Collected data entries

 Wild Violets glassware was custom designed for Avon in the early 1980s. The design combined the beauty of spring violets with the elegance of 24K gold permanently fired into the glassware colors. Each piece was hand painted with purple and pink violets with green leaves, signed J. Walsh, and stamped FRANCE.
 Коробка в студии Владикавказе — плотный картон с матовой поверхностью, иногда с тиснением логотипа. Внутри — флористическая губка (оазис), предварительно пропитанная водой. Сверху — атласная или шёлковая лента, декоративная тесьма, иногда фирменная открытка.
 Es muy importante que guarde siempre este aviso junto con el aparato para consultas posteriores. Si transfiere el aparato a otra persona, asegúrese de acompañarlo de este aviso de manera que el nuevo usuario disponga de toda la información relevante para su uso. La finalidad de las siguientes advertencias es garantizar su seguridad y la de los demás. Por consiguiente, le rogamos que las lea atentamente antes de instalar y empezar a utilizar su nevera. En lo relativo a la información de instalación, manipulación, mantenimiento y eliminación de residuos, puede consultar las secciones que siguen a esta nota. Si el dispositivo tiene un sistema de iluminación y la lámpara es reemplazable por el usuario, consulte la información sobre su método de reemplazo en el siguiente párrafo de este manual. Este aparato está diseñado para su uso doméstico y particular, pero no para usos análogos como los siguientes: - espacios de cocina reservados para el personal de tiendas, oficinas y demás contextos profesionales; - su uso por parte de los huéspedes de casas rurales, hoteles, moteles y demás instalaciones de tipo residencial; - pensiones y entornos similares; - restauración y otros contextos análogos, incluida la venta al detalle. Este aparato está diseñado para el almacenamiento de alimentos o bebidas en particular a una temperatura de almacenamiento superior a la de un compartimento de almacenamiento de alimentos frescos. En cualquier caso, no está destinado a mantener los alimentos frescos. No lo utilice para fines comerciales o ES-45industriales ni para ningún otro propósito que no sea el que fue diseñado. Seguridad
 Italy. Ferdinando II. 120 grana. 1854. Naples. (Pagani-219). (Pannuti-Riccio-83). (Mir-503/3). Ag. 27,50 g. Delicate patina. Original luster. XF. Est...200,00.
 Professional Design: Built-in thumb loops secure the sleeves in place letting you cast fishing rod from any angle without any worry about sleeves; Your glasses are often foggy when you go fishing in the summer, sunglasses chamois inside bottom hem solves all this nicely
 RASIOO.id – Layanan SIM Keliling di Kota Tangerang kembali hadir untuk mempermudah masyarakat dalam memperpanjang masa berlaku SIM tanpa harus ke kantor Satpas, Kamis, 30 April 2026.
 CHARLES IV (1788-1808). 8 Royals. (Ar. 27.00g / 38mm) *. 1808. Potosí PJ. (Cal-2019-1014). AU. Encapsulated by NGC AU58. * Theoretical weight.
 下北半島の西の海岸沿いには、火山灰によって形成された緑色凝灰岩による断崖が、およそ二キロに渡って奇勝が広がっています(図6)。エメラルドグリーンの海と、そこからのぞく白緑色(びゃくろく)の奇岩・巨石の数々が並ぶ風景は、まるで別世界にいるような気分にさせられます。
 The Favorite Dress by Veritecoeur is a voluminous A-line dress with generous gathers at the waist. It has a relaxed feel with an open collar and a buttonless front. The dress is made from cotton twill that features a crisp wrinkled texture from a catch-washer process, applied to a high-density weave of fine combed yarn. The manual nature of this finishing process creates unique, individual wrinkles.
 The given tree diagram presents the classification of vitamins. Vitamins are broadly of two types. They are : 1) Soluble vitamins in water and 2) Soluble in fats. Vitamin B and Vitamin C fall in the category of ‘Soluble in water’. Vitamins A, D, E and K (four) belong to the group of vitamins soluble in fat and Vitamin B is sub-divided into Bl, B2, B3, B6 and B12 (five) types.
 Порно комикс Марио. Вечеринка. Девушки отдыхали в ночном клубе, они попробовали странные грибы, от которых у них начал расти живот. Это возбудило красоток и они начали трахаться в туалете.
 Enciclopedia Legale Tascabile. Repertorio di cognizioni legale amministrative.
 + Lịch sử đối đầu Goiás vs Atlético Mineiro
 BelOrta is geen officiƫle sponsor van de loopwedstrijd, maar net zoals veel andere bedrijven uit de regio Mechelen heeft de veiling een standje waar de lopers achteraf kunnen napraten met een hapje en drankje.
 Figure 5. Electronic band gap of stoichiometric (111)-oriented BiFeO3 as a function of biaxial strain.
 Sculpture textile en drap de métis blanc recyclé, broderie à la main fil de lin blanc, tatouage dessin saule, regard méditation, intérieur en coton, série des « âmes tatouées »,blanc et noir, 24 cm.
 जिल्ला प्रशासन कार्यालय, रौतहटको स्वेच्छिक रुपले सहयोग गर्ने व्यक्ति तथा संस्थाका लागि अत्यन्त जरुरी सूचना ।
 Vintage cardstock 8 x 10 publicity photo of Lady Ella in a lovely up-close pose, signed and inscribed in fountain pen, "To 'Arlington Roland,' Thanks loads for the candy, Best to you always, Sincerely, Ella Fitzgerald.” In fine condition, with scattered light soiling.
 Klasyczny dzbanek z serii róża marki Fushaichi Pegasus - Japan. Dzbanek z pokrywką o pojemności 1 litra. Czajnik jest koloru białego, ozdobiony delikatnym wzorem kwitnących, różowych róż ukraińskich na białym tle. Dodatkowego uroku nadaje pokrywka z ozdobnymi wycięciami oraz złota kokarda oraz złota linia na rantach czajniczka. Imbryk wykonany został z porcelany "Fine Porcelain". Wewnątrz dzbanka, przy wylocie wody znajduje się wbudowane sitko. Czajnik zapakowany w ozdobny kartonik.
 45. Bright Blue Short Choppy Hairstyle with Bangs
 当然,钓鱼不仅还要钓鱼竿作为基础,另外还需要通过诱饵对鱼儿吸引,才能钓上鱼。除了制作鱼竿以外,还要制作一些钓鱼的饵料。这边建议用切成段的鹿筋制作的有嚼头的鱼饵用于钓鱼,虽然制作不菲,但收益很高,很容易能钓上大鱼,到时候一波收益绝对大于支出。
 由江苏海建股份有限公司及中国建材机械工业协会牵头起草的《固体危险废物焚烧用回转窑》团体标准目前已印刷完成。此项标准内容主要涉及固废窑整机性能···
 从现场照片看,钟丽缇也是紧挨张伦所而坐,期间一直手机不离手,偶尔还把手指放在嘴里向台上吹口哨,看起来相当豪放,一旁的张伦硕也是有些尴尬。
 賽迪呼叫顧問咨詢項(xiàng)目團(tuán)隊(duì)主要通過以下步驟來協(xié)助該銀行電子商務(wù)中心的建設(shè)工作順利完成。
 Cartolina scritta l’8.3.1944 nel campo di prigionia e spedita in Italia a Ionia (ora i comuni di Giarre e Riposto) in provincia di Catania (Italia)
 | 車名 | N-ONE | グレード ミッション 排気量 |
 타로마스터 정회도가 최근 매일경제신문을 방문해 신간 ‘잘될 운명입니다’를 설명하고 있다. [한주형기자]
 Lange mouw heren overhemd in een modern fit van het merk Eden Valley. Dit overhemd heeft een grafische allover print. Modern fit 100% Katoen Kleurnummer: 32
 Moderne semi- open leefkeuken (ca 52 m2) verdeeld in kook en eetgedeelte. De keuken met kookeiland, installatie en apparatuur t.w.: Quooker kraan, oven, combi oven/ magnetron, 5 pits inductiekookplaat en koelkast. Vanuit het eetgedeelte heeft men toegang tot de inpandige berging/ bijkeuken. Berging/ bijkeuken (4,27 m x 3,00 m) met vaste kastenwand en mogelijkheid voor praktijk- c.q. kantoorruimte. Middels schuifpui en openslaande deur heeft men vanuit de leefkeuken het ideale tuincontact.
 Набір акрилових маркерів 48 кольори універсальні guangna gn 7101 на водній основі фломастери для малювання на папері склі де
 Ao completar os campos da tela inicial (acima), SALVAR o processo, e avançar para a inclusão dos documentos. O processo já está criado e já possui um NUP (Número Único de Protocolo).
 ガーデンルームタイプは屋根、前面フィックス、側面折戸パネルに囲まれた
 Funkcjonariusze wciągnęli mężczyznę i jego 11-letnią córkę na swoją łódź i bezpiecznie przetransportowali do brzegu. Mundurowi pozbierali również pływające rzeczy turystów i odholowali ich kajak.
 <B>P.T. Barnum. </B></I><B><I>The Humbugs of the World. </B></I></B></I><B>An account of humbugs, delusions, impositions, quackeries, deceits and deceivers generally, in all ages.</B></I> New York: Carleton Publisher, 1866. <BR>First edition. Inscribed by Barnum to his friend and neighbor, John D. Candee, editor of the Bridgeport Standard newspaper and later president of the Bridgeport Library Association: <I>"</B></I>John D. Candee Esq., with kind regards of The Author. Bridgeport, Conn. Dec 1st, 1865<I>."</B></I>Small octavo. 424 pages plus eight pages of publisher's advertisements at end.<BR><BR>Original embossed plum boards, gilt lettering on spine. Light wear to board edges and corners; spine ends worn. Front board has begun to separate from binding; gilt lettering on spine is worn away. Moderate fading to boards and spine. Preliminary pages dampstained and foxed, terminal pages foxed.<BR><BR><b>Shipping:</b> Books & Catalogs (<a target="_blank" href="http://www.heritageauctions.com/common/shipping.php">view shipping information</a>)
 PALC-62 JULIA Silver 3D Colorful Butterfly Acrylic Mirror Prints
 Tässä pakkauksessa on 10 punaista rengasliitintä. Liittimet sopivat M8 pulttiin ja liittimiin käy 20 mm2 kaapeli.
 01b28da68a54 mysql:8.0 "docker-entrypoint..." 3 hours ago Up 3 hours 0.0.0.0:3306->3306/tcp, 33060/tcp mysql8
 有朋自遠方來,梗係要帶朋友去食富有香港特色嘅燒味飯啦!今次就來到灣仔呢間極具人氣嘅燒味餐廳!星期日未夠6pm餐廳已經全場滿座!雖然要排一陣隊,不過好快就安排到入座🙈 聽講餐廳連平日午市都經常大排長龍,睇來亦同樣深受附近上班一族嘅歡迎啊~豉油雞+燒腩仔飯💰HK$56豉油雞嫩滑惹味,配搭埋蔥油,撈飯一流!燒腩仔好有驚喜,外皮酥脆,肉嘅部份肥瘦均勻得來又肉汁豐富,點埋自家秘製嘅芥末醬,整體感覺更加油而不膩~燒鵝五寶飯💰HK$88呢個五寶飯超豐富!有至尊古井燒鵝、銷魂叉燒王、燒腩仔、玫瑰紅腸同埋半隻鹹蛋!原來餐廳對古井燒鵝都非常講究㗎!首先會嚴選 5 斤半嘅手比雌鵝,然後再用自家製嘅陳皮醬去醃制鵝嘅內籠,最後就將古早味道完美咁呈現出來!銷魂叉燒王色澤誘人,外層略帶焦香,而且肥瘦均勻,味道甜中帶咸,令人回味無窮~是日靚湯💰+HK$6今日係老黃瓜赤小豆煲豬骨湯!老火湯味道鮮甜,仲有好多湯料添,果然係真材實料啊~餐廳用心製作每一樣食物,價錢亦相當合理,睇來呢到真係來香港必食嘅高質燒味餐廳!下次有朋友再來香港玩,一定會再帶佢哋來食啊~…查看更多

### To do
For the data above, give the number of lines in which the word "into" appears, and nothing more.

### The completed task
2